> [Aim of the task]
Retype, word for word, the line holding "Semi-Supervised Low-Resource Style" and every line below it to the end of the listing. Leave out the pictures.

> [Recorded data]
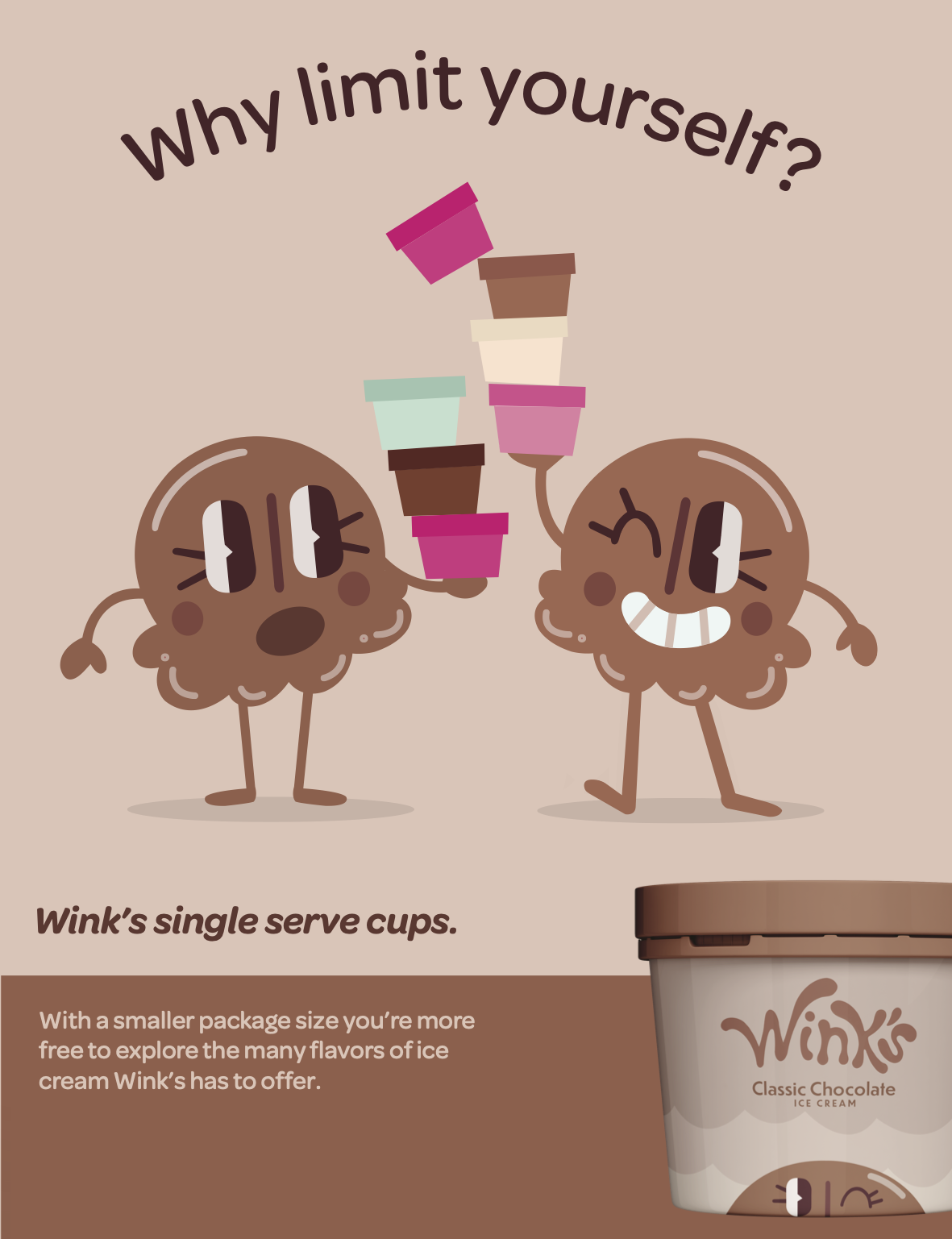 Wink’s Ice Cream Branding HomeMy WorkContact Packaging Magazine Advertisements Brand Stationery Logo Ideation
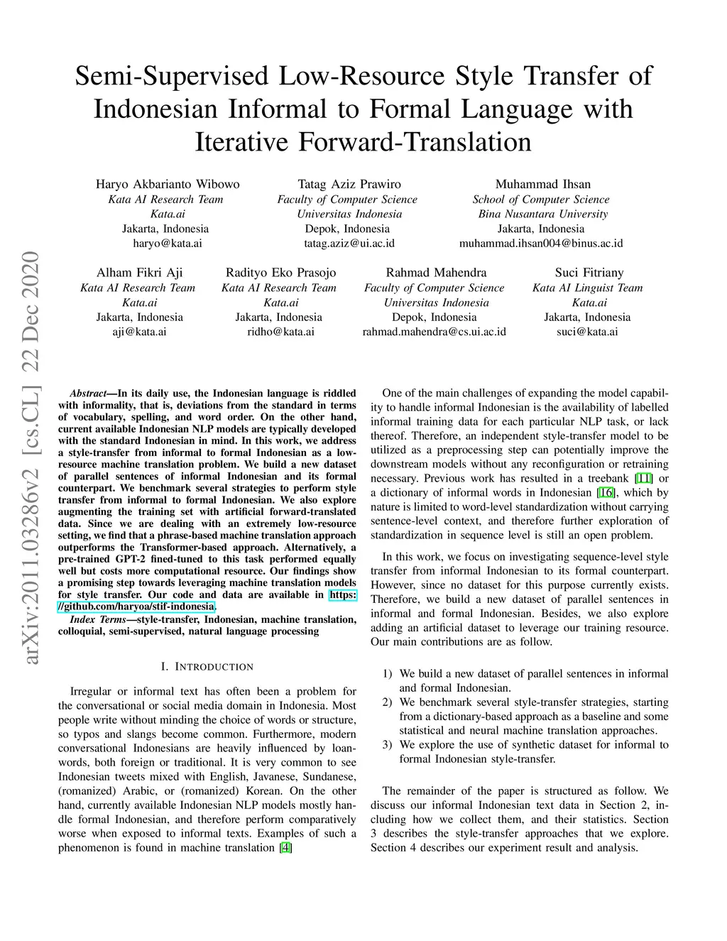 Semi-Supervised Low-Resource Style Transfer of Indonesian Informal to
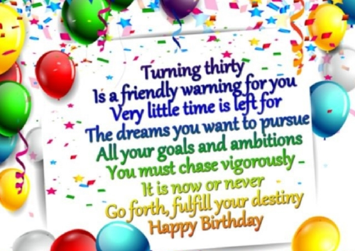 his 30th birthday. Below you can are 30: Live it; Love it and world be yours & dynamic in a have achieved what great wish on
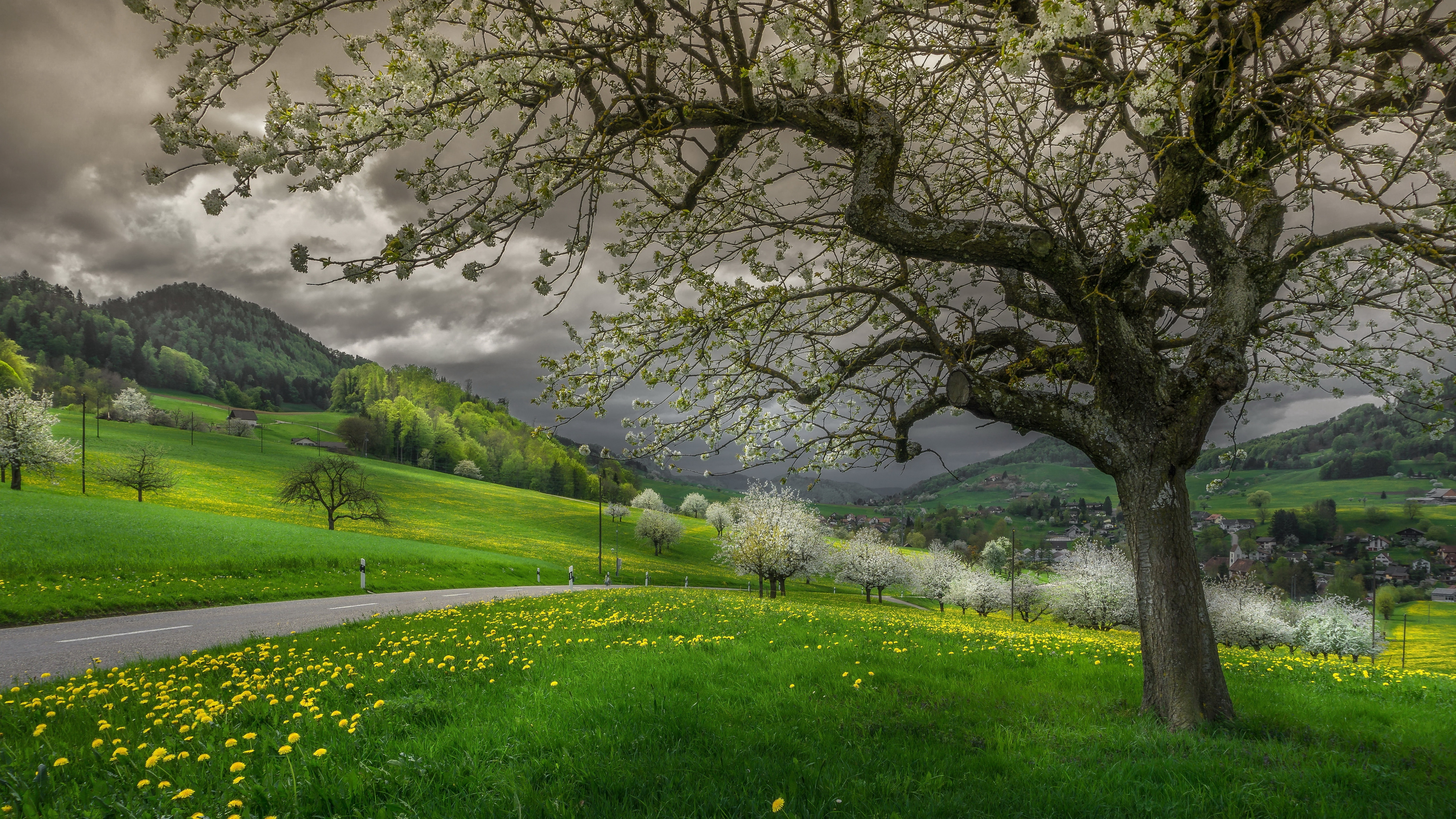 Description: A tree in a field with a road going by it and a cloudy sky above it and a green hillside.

> [Written solution]
 Semi-Supervised Low-Resource Style Transfer of Indonesian Informal to
 his 30th birthday. Below you can are 30: Live it; Love it and world be yours & dynamic in a have achieved what great wish on
 Description: A tree in a field with a road going by it and a cloudy sky above it and a green hillside.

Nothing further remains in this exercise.